◆ What this task involves: Leaving the pictures aside, transcribe the data below exactly.

◆ Given information:
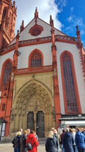 Mit ein wenig Verspätung, da 3 Teilnehmer nicht am vereinbarten Platz angekommen waren, fuhren wir nach einer Frühstückspause an einem Autobahnrastplatz nach Würzburg. Hier wurden wir bereits von 2 Gästeführerinnen erwartet. Mit viel Begeisterung wurden wir durch die Altstadt von Würzburg geführt und haben viele besondere Bauwerke, wie den Dom, die Kilianskirche, das historische Rathaus und die gotische Marienkapelle, die als Höhepunkt spätgotischer Baukunst in Unterfranken und als Nachfolgebau einer zerstörten Synagoge gilt, besucht. Die Marienkapelle ist auch durch die berühmten Figuren von Tilman Riemenschneider „Adam und Eva“, die am Südportal angebracht wurden, bekannt. Inzwischen wurden die Figuren durch Kopien ausgewechselt und die Originale begegneten uns dann im Museum für Franken, das wir am Nachmittag besucht haben. Vorher ging es jedoch zum Essen in den „Alten Kranen“, direkt am Main.
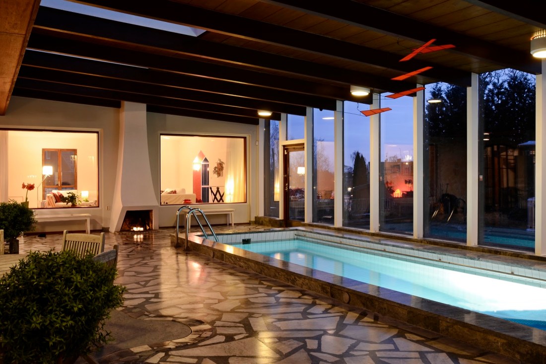 Men hallå, vem vill inte ha en gigantisk pool i varadgsrummet? Simträna lite innan jobbet på morgonen, ja tack! Huset är till salu, så chansen finns för den som kan.
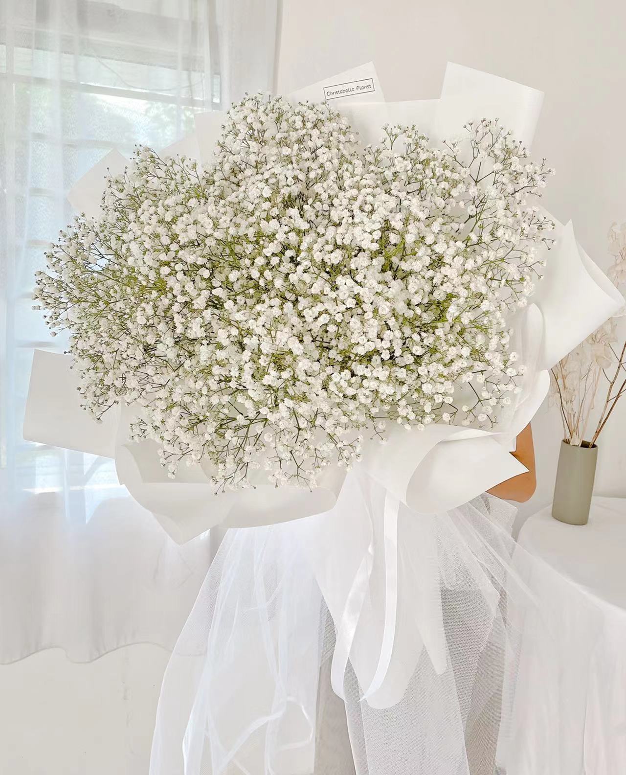 Details: Xl Fresh White Baby Breath + Cloth Mesh + White Wrapping

◆ Answer to the problem:
 Mit ein wenig Verspätung, da 3 Teilnehmer nicht am vereinbarten Platz angekommen waren, fuhren wir nach einer Frühstückspause an einem Autobahnrastplatz nach Würzburg. Hier wurden wir bereits von 2 Gästeführerinnen erwartet. Mit viel Begeisterung wurden wir durch die Altstadt von Würzburg geführt und haben viele besondere Bauwerke, wie den Dom, die Kilianskirche, das historische Rathaus und die gotische Marienkapelle, die als Höhepunkt spätgotischer Baukunst in Unterfranken und als Nachfolgebau einer zerstörten Synagoge gilt, besucht. Die Marienkapelle ist auch durch die berühmten Figuren von Tilman Riemenschneider „Adam und Eva“, die am Südportal angebracht wurden, bekannt. Inzwischen wurden die Figuren durch Kopien ausgewechselt und die Originale begegneten uns dann im Museum für Franken, das wir am Nachmittag besucht haben. Vorher ging es jedoch zum Essen in den „Alten Kranen“, direkt am Main.
 Men hallå, vem vill inte ha en gigantisk pool i varadgsrummet? Simträna lite innan jobbet på morgonen, ja tack! Huset är till salu, så chansen finns för den som kan.
 Details: Xl Fresh White Baby Breath + Cloth Mesh + White Wrapping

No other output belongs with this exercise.